EXERCISE INSTRUCTIONS: Only the lines from the beginning of the data through the one with "À l’image du" belong in the answer, each retyped exactly, with pictures left out.

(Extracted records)
>>>>

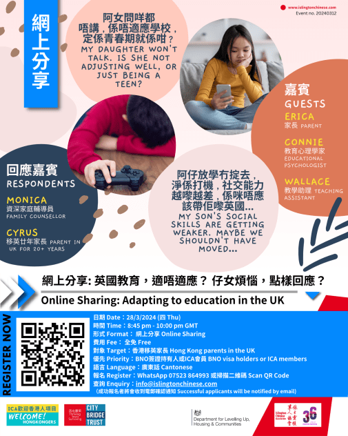 移民英國,家長要兼顧自己同子女嘅適應,真係唔簡單。「ICA 網台」請嚟三位嘉賓,包括香港移英嘅家長、教育心理學家同教學助理,就學生嘅情緒支援、社交能力、價值觀、身份認同等等,分享觀察同建議。仲有資深家庭輔導員同嚟咗英國超過廿年嘅家長作回應,為大家打打氣!
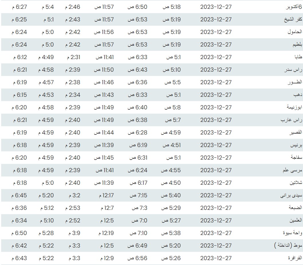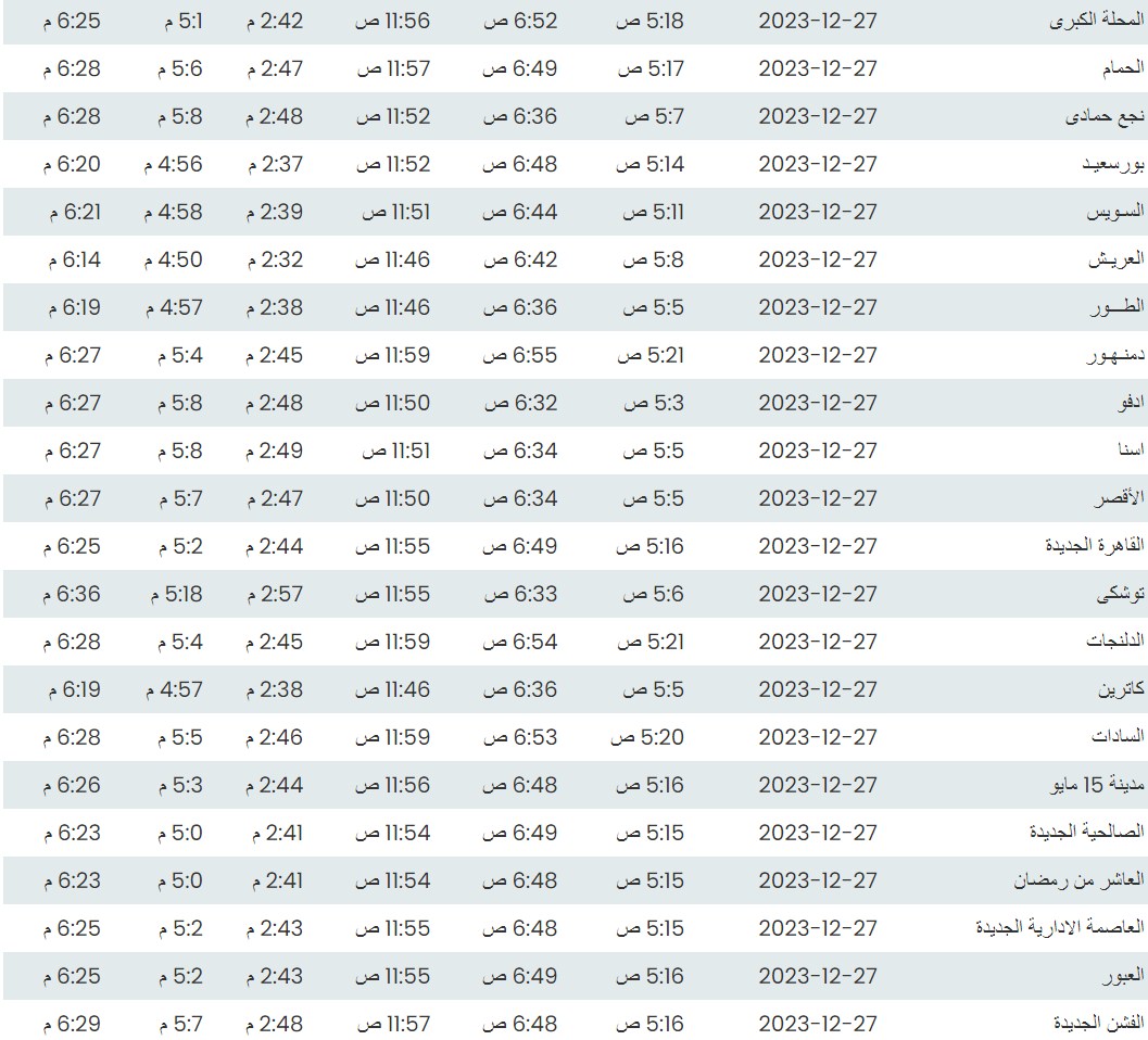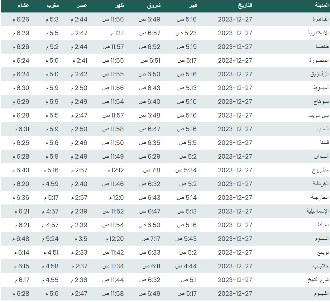 وفيما يلي مواقيت الصلاة، لعدد من مدن ومحافظات الجمهورية من واقع بيانات الهيئة العامة للمساحة
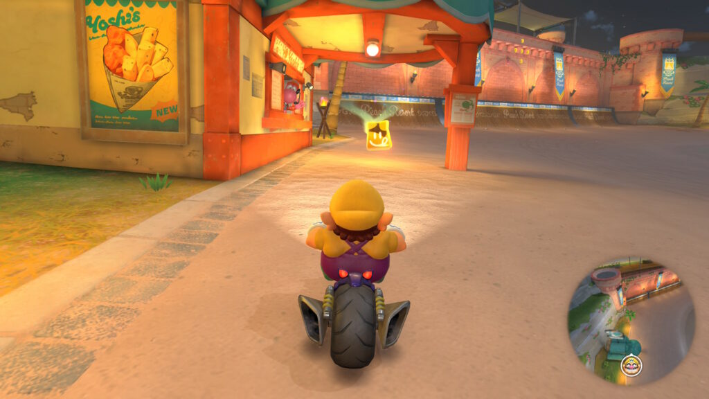 À l’image du titre du jeu, nos personnages jouent les touristes à travers le monde et changent de tenue pour s’adapter à leur environnement. En cours de course, il est parfois possible de faire une petite pause gourmande sur le bord de la piste. Par exemple, à certains endroits, un stand Yoshi’s Diner peut apparaître. Un doggy bag jaune contenant un plat inspiré de la spécialité culinaire du circuit – comme un burger, des brochettes, des sushis ou encore des chips, vous permettra de changer de tenue selon l’ambiance du décor.
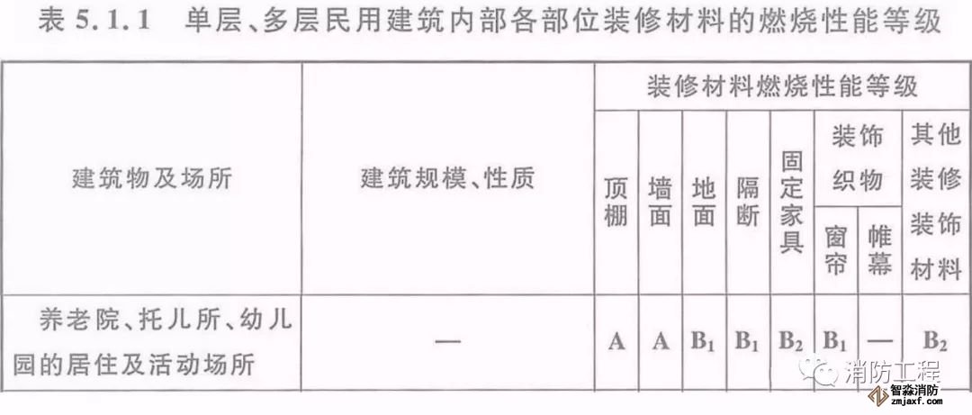 1、當(dāng)設(shè)置在單層、多層民用建筑時,內(nèi)部各部位裝修材料的燃燒性能等級,不應(yīng)低于《建筑內(nèi)部裝修設(shè)計防火規(guī)范》5.1.1的規(guī)定。
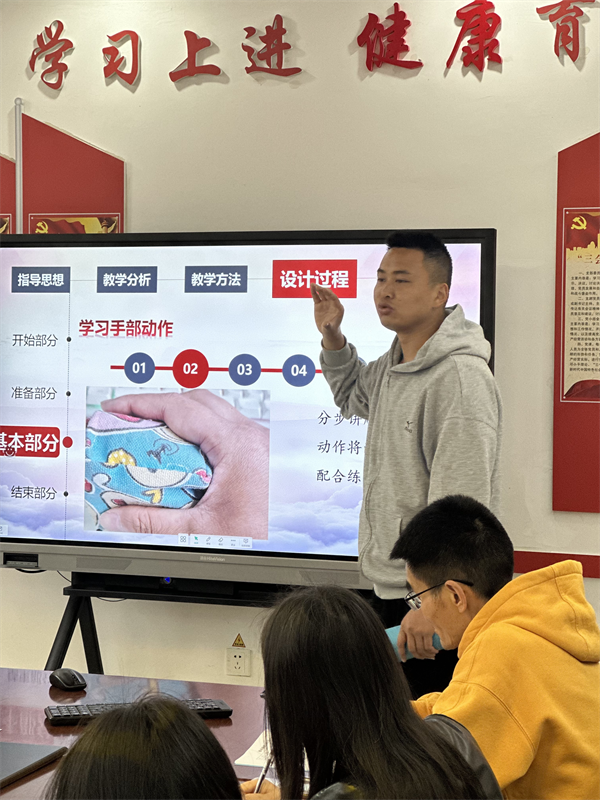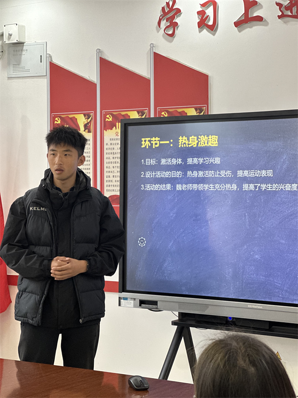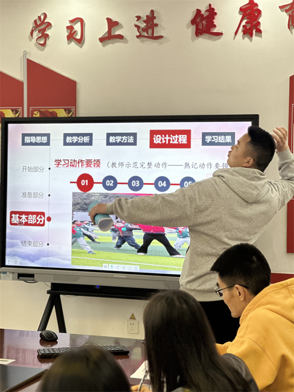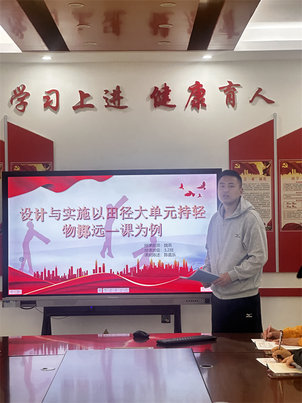 课前,体育组陈嘉乐老师围绕本课的设计思路进行了专题陈述。陈嘉乐以“设计与实施——以田径大单元持轻物掷远一课为例”为主题,从指导思想、教材分析、学情分析、教学目标、重难点突破、教学过程设计等方面展开阐述。
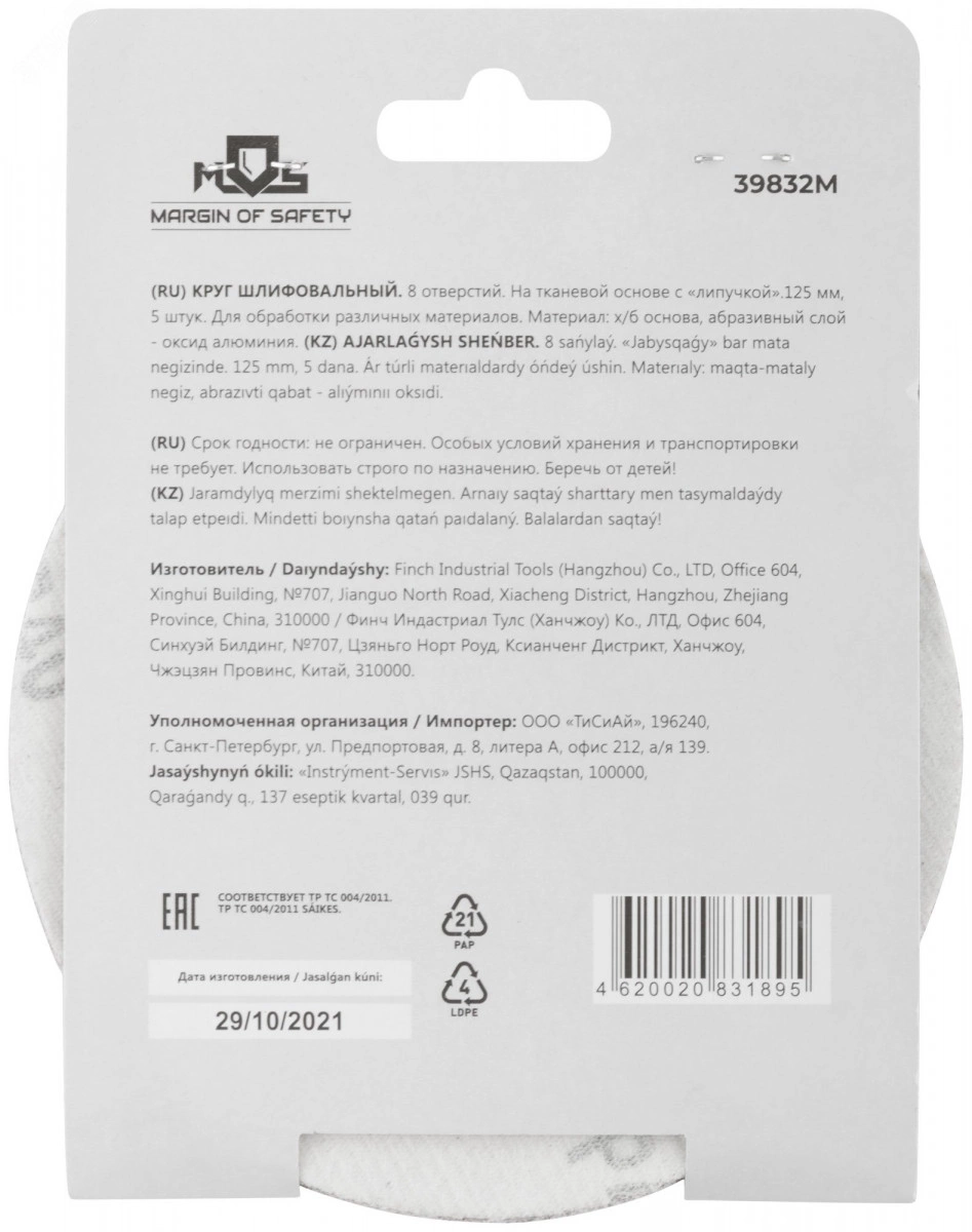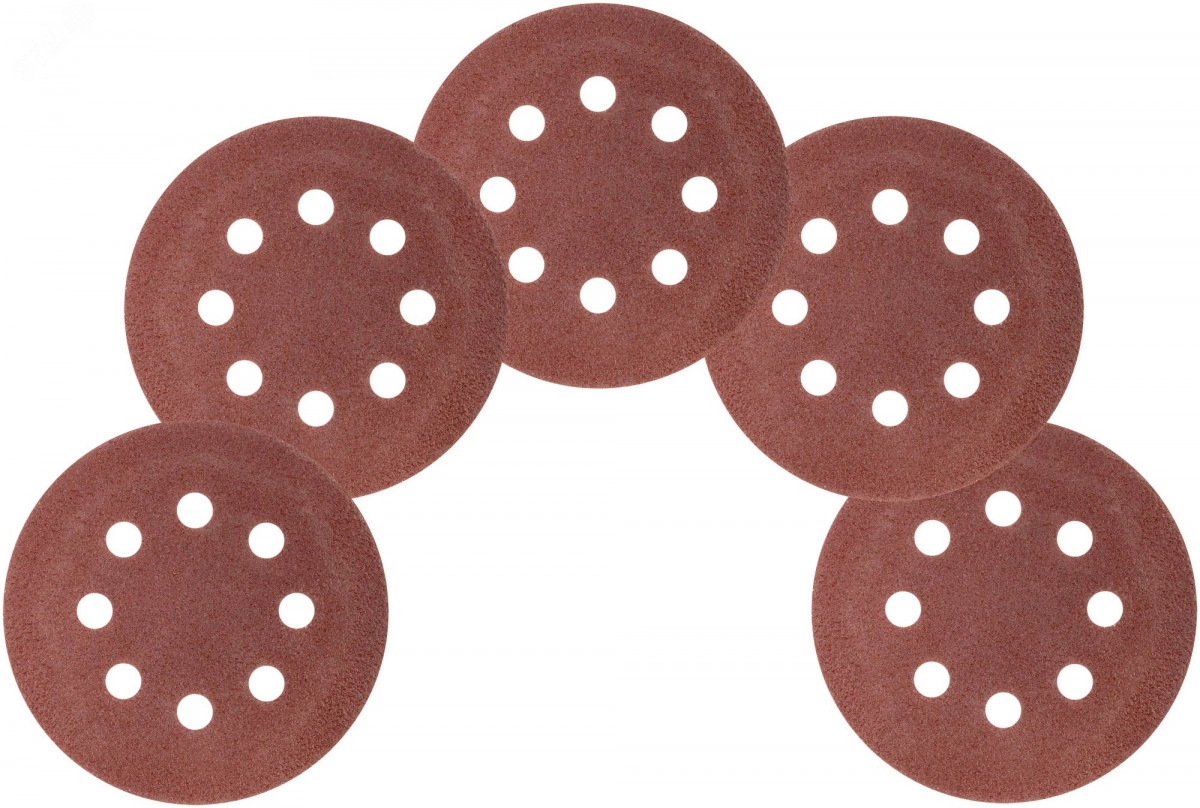 8 отверстий. На тканевой основе с 'липучкой'. Диаметр 125мм, набор 5 штук. Для обработки различных материалов. Материал - х/б основа, абразивный слой-оксид алюминия.

<<<<

TASK RESPONSE:
 移民英國,家長要兼顧自己同子女嘅適應,真係唔簡單。「ICA 網台」請嚟三位嘉賓,包括香港移英嘅家長、教育心理學家同教學助理,就學生嘅情緒支援、社交能力、價值觀、身份認同等等,分享觀察同建議。仲有資深家庭輔導員同嚟咗英國超過廿年嘅家長作回應,為大家打打氣!
 وفيما يلي مواقيت الصلاة، لعدد من مدن ومحافظات الجمهورية من واقع بيانات الهيئة العامة للمساحة
 À l’image du titre du jeu, nos personnages jouent les touristes à travers le monde et changent de tenue pour s’adapter à leur environnement. En cours de course, il est parfois possible de faire une petite pause gourmande sur le bord de la piste. Par exemple, à certains endroits, un stand Yoshi’s Diner peut apparaître. Un doggy bag jaune contenant un plat inspiré de la spécialité culinaire du circuit – comme un burger, des brochettes, des sushis ou encore des chips, vous permettra de changer de tenue selon l’ambiance du décor.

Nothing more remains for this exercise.